▸ **Task objective**
Make an exact copy, from the records below, of the lines from the line containing "Gallop with this" to the line containing "fat per serving)", both lines included, excluding pictures.

▸ **Working data**
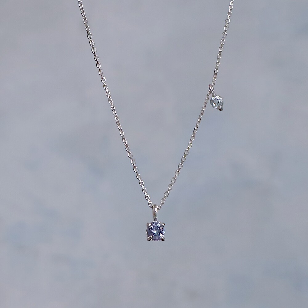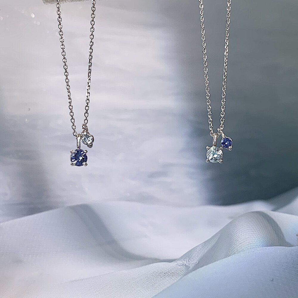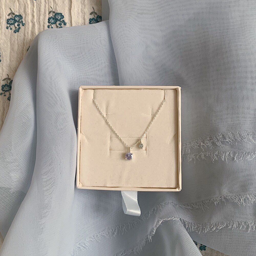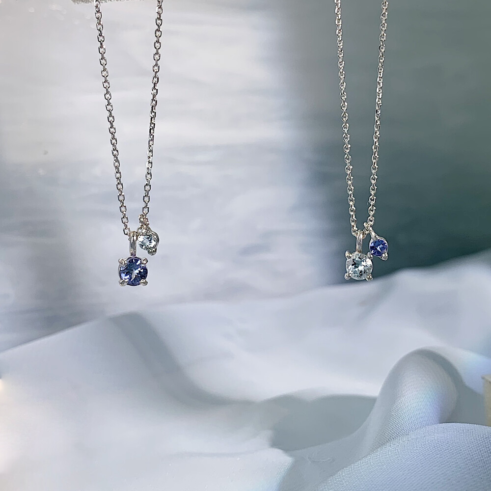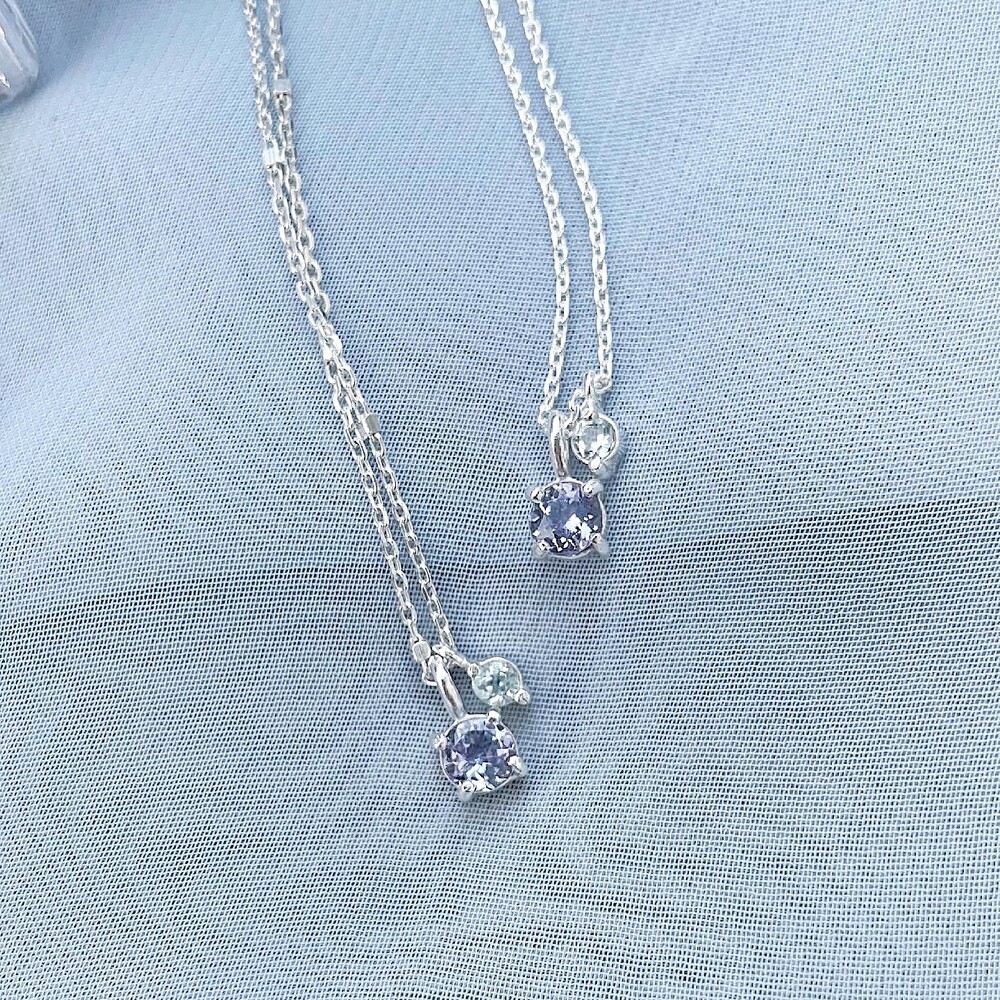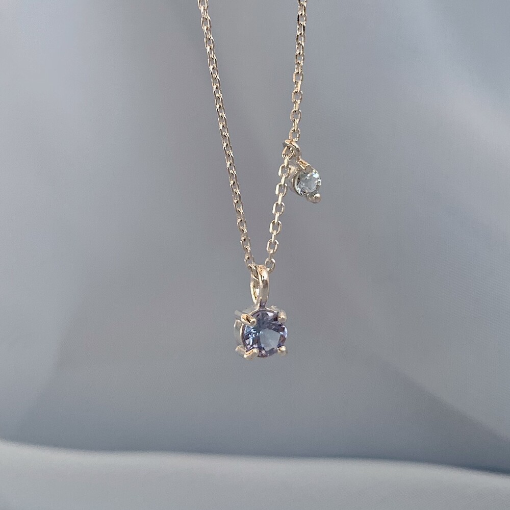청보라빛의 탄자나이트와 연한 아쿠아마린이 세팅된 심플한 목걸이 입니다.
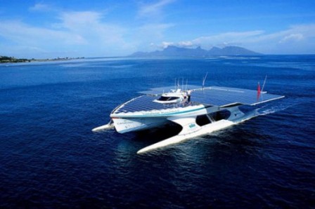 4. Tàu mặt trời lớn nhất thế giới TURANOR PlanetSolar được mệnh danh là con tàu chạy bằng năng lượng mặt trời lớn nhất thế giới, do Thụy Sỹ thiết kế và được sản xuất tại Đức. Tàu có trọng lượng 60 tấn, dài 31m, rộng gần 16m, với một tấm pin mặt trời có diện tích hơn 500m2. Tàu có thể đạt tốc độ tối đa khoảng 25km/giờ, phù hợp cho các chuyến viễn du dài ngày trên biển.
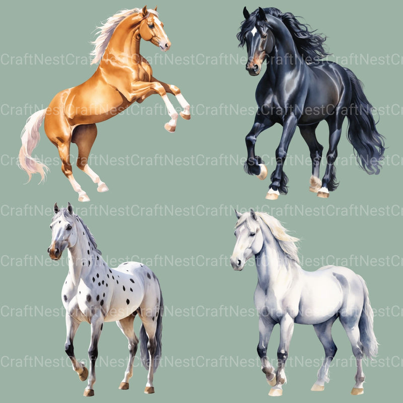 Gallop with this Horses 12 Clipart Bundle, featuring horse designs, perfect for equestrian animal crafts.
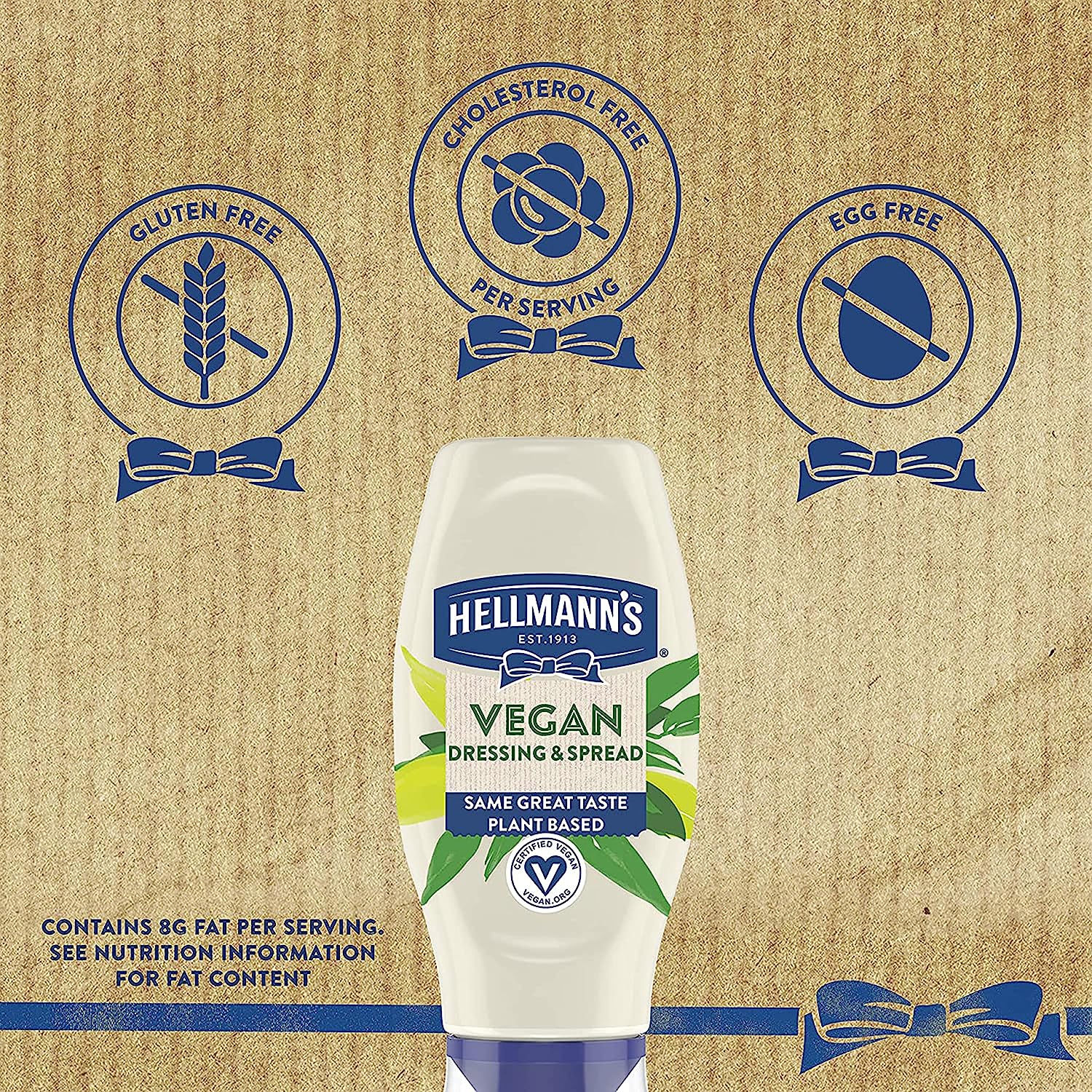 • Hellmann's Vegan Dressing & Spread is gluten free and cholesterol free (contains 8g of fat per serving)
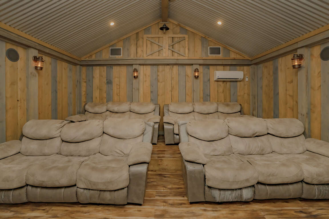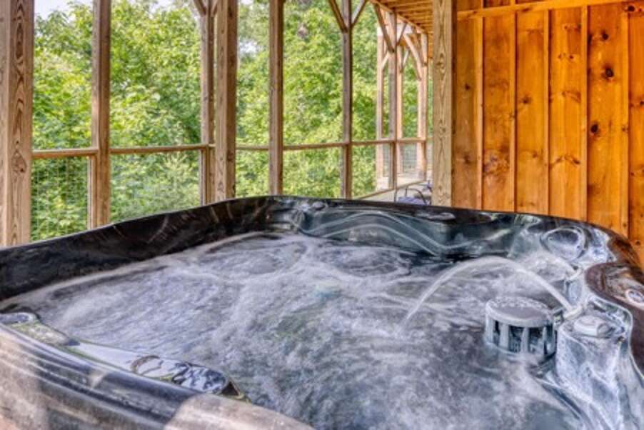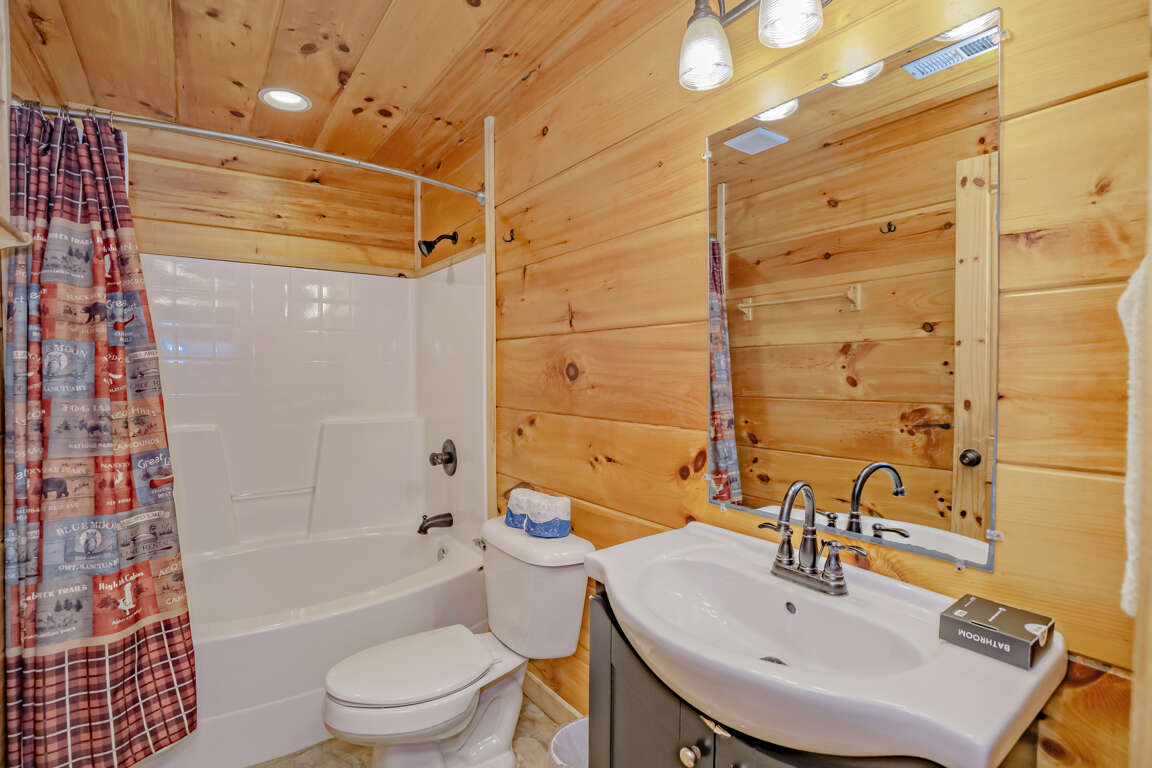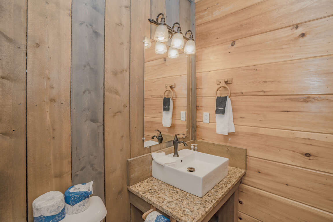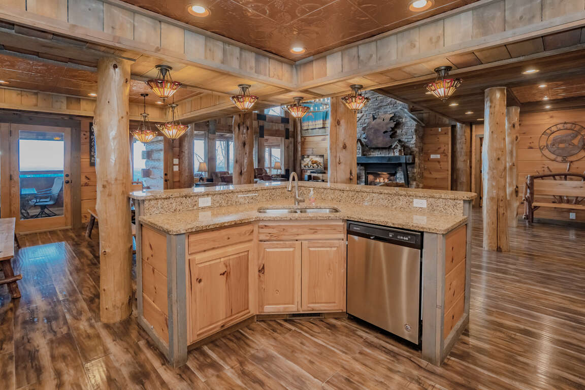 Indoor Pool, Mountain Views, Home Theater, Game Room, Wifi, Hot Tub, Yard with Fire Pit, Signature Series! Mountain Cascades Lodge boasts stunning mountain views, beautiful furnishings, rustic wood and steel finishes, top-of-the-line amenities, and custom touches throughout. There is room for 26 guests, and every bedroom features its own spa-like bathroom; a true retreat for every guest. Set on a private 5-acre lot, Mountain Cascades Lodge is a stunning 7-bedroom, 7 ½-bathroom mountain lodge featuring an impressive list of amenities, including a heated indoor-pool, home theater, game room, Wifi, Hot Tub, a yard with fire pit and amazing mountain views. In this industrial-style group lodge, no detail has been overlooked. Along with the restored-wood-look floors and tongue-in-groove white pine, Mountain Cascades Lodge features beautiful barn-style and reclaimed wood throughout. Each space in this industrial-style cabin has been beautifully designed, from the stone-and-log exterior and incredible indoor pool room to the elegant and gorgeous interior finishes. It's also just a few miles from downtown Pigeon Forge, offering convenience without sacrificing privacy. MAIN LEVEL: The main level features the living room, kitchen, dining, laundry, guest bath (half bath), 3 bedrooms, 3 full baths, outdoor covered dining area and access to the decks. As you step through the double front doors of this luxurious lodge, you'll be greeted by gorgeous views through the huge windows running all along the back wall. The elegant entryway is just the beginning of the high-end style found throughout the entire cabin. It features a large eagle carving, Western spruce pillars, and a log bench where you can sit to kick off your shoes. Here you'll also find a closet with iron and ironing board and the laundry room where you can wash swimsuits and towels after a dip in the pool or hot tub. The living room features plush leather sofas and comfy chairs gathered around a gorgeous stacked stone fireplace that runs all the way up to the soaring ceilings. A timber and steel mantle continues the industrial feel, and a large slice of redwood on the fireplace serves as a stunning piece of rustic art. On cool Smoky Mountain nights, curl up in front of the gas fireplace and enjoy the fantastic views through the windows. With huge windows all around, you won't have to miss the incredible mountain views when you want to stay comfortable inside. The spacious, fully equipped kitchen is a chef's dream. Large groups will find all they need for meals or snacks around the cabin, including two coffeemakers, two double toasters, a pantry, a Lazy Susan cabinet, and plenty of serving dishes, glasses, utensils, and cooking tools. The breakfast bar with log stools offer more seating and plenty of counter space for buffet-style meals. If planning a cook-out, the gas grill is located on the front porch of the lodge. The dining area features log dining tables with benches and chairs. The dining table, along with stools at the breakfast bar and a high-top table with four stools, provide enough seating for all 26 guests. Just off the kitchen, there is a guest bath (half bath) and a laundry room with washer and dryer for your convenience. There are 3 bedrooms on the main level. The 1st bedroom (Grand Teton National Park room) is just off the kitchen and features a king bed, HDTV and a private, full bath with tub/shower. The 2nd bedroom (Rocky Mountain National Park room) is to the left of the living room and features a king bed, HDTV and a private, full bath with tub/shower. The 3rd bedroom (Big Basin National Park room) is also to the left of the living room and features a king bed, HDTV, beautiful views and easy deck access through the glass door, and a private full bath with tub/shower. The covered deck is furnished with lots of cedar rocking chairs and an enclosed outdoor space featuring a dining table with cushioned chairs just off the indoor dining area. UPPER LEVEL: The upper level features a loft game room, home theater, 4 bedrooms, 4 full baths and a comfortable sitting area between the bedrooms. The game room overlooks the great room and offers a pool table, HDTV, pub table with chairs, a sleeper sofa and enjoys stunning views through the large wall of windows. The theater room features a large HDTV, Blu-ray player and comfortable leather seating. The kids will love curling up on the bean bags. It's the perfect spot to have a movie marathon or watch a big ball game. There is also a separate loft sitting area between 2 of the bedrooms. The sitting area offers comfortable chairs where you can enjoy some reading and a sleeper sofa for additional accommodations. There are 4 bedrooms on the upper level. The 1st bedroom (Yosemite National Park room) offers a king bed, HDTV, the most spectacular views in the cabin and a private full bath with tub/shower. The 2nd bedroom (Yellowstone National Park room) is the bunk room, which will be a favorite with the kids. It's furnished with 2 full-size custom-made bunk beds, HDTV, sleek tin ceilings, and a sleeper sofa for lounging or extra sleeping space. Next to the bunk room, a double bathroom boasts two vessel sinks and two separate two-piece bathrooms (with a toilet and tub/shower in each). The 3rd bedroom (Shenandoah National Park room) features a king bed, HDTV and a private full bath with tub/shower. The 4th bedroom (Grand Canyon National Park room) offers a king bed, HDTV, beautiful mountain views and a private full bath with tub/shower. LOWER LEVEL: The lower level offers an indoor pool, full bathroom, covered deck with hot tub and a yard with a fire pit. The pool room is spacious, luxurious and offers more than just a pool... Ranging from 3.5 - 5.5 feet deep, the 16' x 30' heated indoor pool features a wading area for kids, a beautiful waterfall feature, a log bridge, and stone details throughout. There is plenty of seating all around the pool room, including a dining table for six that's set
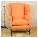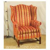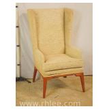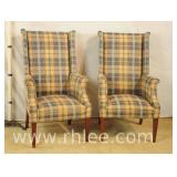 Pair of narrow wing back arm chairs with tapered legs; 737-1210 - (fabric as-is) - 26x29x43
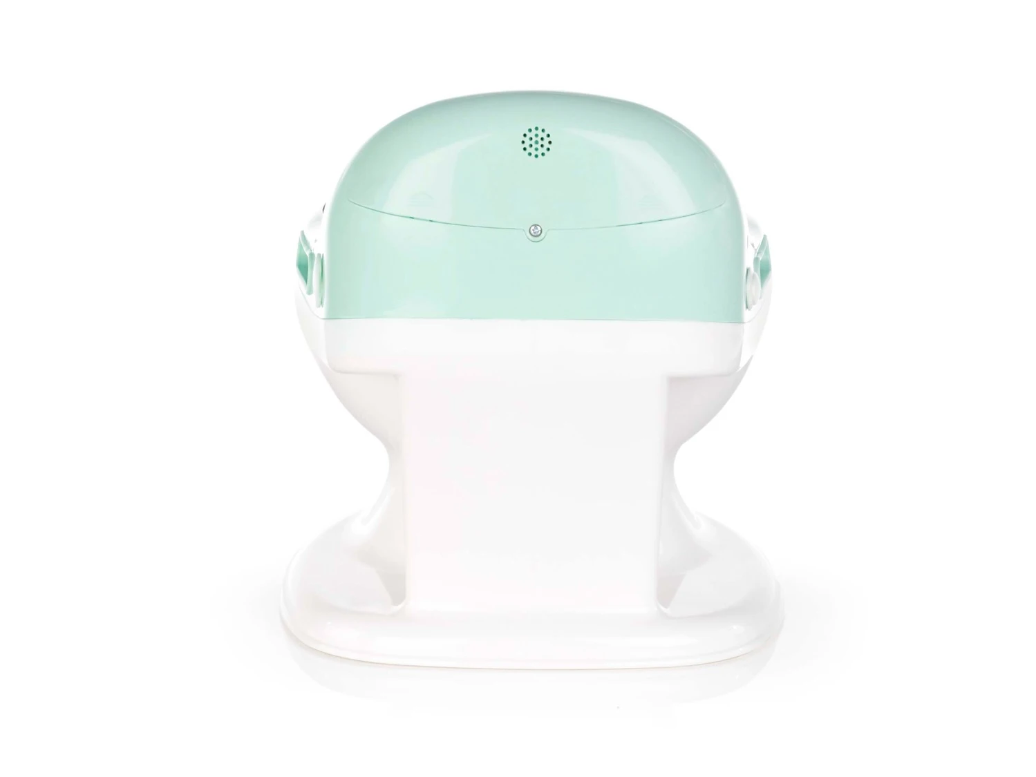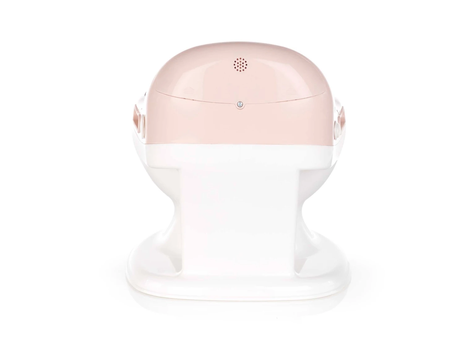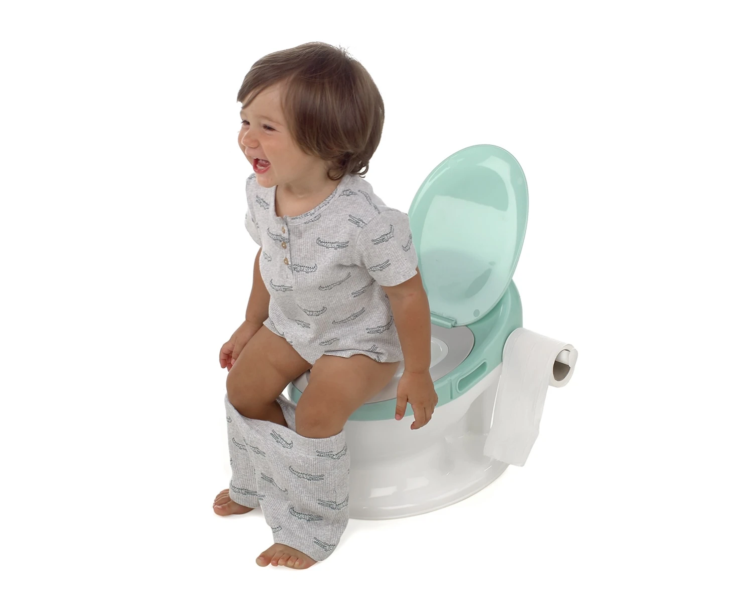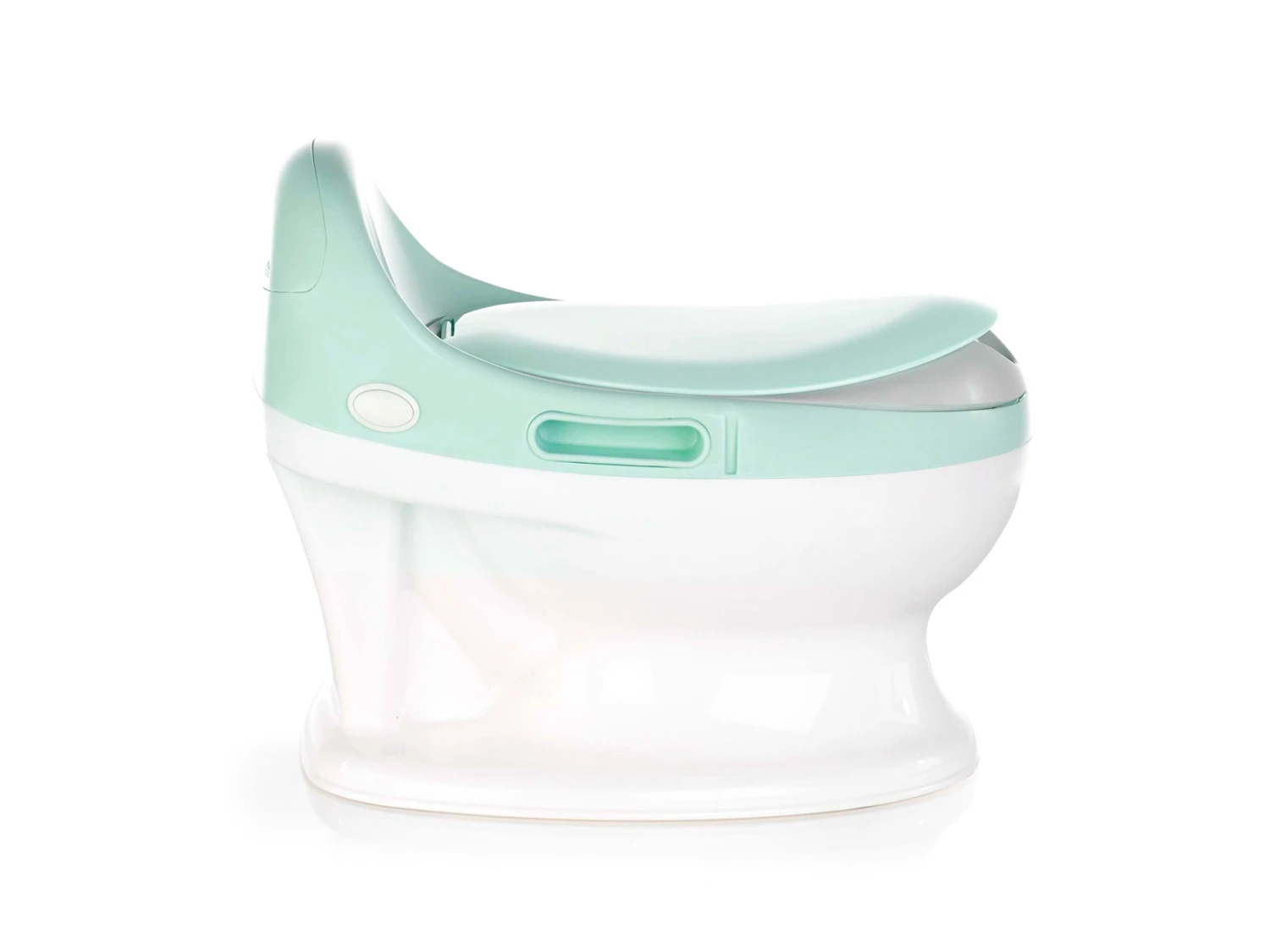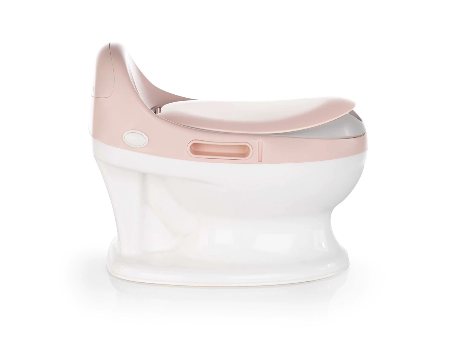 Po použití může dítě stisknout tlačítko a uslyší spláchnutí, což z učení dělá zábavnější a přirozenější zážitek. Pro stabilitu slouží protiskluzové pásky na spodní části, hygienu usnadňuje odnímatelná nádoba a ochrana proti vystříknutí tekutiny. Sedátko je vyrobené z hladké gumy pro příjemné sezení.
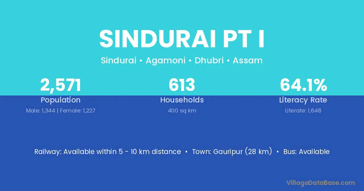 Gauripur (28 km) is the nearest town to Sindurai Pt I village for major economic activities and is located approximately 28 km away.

▸ **Output of the exercise**
 Gallop with this Horses 12 Clipart Bundle, featuring horse designs, perfect for equestrian animal crafts.
 • Hellmann's Vegan Dressing & Spread is gluten free and cholesterol free (contains 8g of fat per serving)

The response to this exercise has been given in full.